WWIII Joe Biden, Husk-Puppet + America's Putin said...

"Silver's only reason for existing was telling people Hillary Clinton was going to beat Donald Trump.

That's why he can't find a job any more."

boom.

Lloyd W. Robertson said...

Perhaps the surprise in 2008 and 2012 was that Obama was able to get such high turnout of blacks--in the full knowledge that if they voted, they would vote D--and was able to do so well among whites. The latter means that the U.S. was much less racist than it used to be, it is not true, as Obama has lied recently, that it is still a Jim Crow society, etc.

Why do blacks keep voting D when the Dems keep screwing them?

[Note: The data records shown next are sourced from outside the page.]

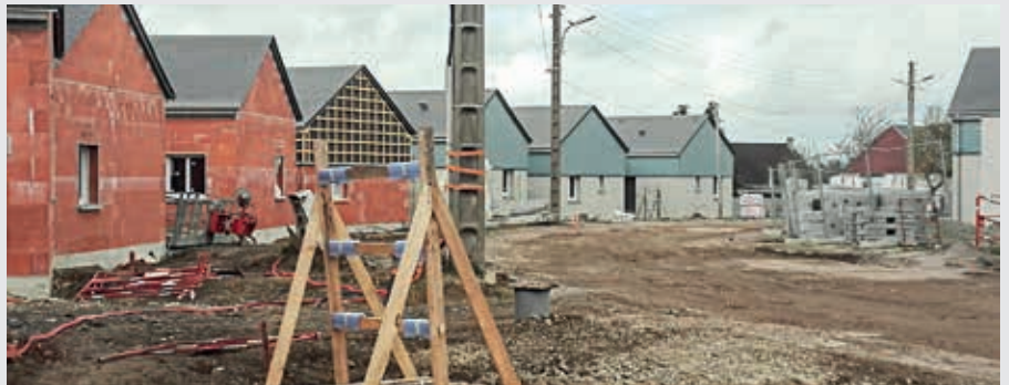
La rue du clos-Morel en plein travaux mi-avril.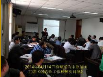
中原油田·创造性解决问题 2014年04月14日柳瑞军为中原油田 主讲《创造性工作和解决问题》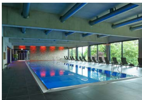
Schwimmbad mit 20 m Sportbecken

Zur Ausstattung des 3.800 m 2 großen SPA & Sportbereichs zählen eine Saunalandschaft mit Salzsau-na, finnischer Sauna (90°C) und 60°C-Sauna sowie großzügigem Ruhebereich und Außenfläche. Separat wird eine Damensau-na (60°C und 90°C) mit eigenem Ruhebereich geboten.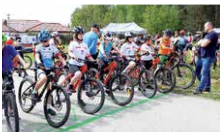
Sukcesy Chęcińskiej Szkoły Kolarskiej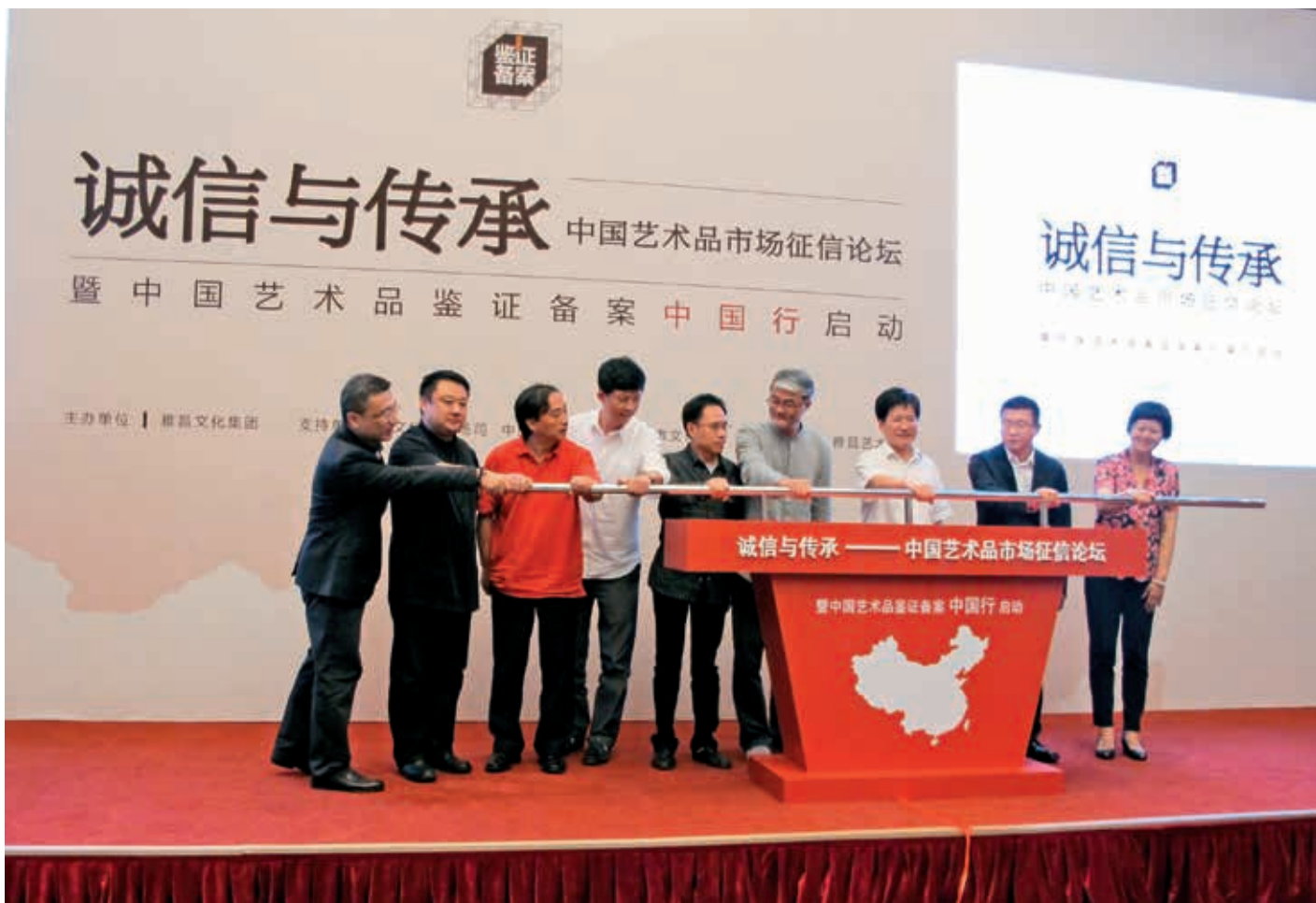
“诚信与传承”中国艺术品市场诚信论坛现场

的问题也是最核心的问题，同时也将大多数努力进入艺术品市场中的人们挡在了市场的门外。艺术品的真伪难辨和不可追溯性造成了诚信缺失和传承的断裂，从而使“鉴定”成为市场中不可承受之重的角色。

The sprinkles of cash, which Republicans seem to object to? Culturally the Dems have a way about them, going to the funerals and saying the right things, Republicans would rather stay away?

Narr said...

Obama got at least some votes from white folks who thought that voting for him would serve as evidence that they weren't racist.

Thomas Sowell and others have a theory that traces the dysfunction of urban B/black culture to their appropriation--with modifications--of the old South's shiftless po'-white redneck peckerwood ways of being.

In politics, the modern D party's B/black leaders revive their Southern white predecessors' racial divisiveness, ignorance, greed, ruthlessness, and fanatical urge to power.

n.n said...

Perhaps the surprise in 2008 and 2012 was that Obama was able to get such high turnout of blacks

Today, the People of Color are deported from his community in Martha's Vineyard. Hope and change. Yes, he can... throw another baby... fetal-baby on the barbie, it's over.

Mason G said...

"Obama got at least some votes from white folks who thought that voting for him would serve as evidence that they weren't racist."

Not racist? Race is just about all Democrats obsess over.

Christopher B said...

@Daniel12

Nope, Silver never did anything that simple, that was RCP I think that just aggregated poll numbers. Silver always claimed he had a 'special sauce' of weighting polls by 'reliability' which really meant, as he was making his bones in 2008 and 2012, they were closest to agreeing with the internal data from the Obama campaign that he was being feed.

Daniel12 said...

Christopher, yes it was marginally more complicated (mostly by starting with a fundamentals driven model and the weighting polling more and more, the closer to the election).

Re Obama, I guess you're saying his campaign had pretty accurate polling.